Asti berjalan mendekati meja makan, mengambil satu mangkok bubur, membawanya ke ruang tengah.
"Aku makan di sofa aja, enggak enak gangguin orang yang lagi pacaran," ledek Asti pada Dita dan Arga.
"Siapa yang pacaran Asti?" protes Dita dengan mata membulat, meletakkan sendoknya di meja.

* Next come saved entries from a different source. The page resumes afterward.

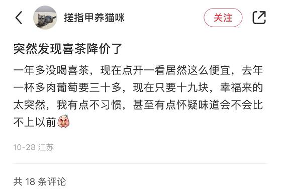 如此一来,部分老用户会诧异并质疑。小红书上的某博主最近就表示:突然发现喜茶降价了,我有点不习惯,甚至有点怀疑,味道会不会比不上以前。而未来第一次品尝喜茶的人,如果有高端饮品的消费需求,也很难去选择十几元一杯的喜茶,即便它品质可能如旧。
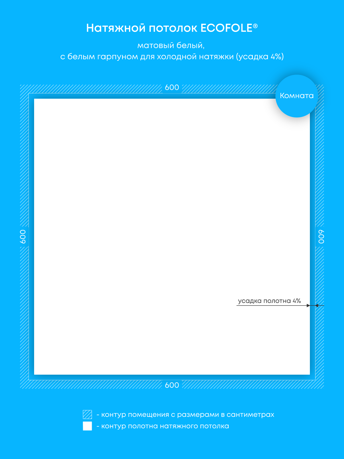 Натяжной потолок белый матовый, холодной натяжки, изготовленный по индивидуальным размерам покупателя, для помещения площадью 36 м2
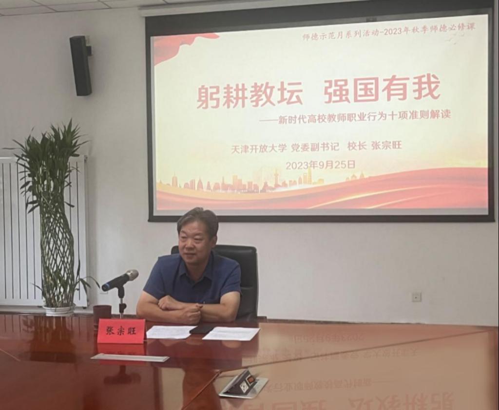 张宗旺校长紧密围绕《新时代高校教师职业行为十项准则》的具体内容,结合立德树人根本任务,从开放大学成人教育的办学特点出发,融合政治理论、思想感悟、榜样力量和典型案例等内容,深入浅出地解读了“十项准则”。对新入职教师提出要求:一是要把坚定理想信念放在首位,坚持用习近平新时代中国特色社会主义思想武装头脑,努力提升思想政治素养,带头践行社会主义核心价值观;二是要增强政治敏锐性,筑牢意识形态防线,充分发挥课堂教学主阵地、主渠道作用,唱响主旋律,凝聚正能量;三是要守住教书育人的底线,明确纪律准则和制度规范,恪守职业道德,学习先进楷模,厚植育人情怀。
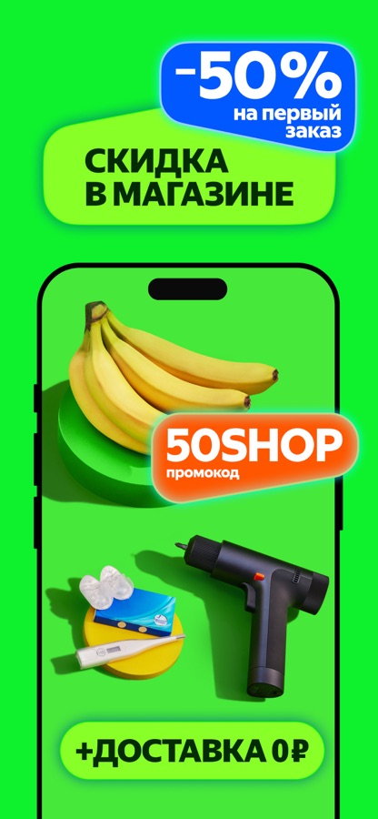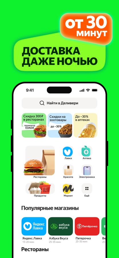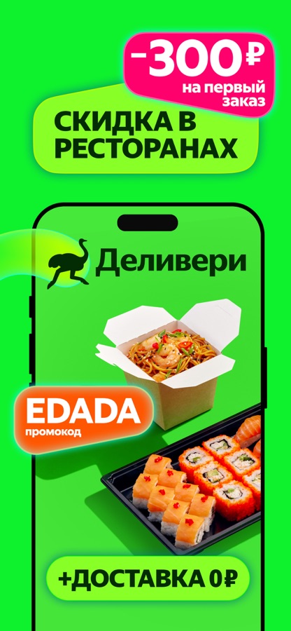 - Скидки на первые заказы в новых магазинах и ресторанах.
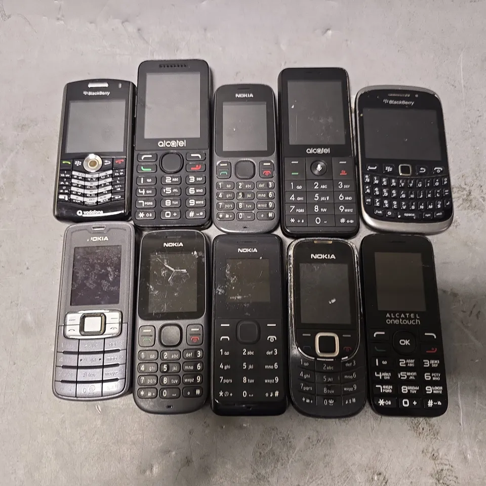 SET OF APPROXIMATELY 10 ASSORTED BROKEN PHONES TO INCLUDE - BLACK BERRY , NOKIA , ALCATEL

"Sudah Dita, biarin aja. Asti mau ngomong apa aja kan terserah dia, kalau kamu enggak ngerasa ya abaikan aja," ucap Arga.
"Asti tuh emang suka nyebelin deh."
"Enggak apa. Kamu lanjut makan aja. Apa perlu aku suapi biar kamu makannya banyak?" kata Arga menawarkan bantuan.
"Aku bisa makan sendiri!" ucap Dita kesal.
Asti merasa senang dibela oleh Arga. Sesekali dia ingin ada yang membelanya saat dia meledek Dita, karena selama ini dia selalu saja salah di mata Dita.
Sarapan pagi selesai, waktunya mereka bertiga untuk berangkat ke kantor agensi bersama dengan mobil milik Dita yang dikendarai oleh Arga. Sampai di kantor sebelum turun dari mobil ada panggilan masuk dari Damar ke ponsel Dita. Segera Dita menerima panggilan itu.
"Pagi Damar, ada apa ya?"
"Segera ke ruangan saya sekarang!" ucap Damar yang lebih terdengar seperti perintah.
"Ada apa sih, pagi-pagi udah marah-marah, enggak baik buat mulai hari dengan marah-marah."
"Cepat ke sini sekarang! Ini soal keikutsertaan kamu ke Singapura."
"Iya aku ke sana sekarang."
Panggilan telepon berakhir. Dita pikir pasti ada sesuatu sehingga Damar menyuruhnya ke ruangan. "Jangan-jangan aku enggak diajak ke Singapura," batin Dita.
Dita bergegas turun dari mobil, lalu berlari meninggalkan Arga dan Asti agar segera tiba di ruangan Damar.
Asti dan Arga hanya bisa saling pandang merasa bingung dengan sikap Dita setelah mendapat telepon dari Damar.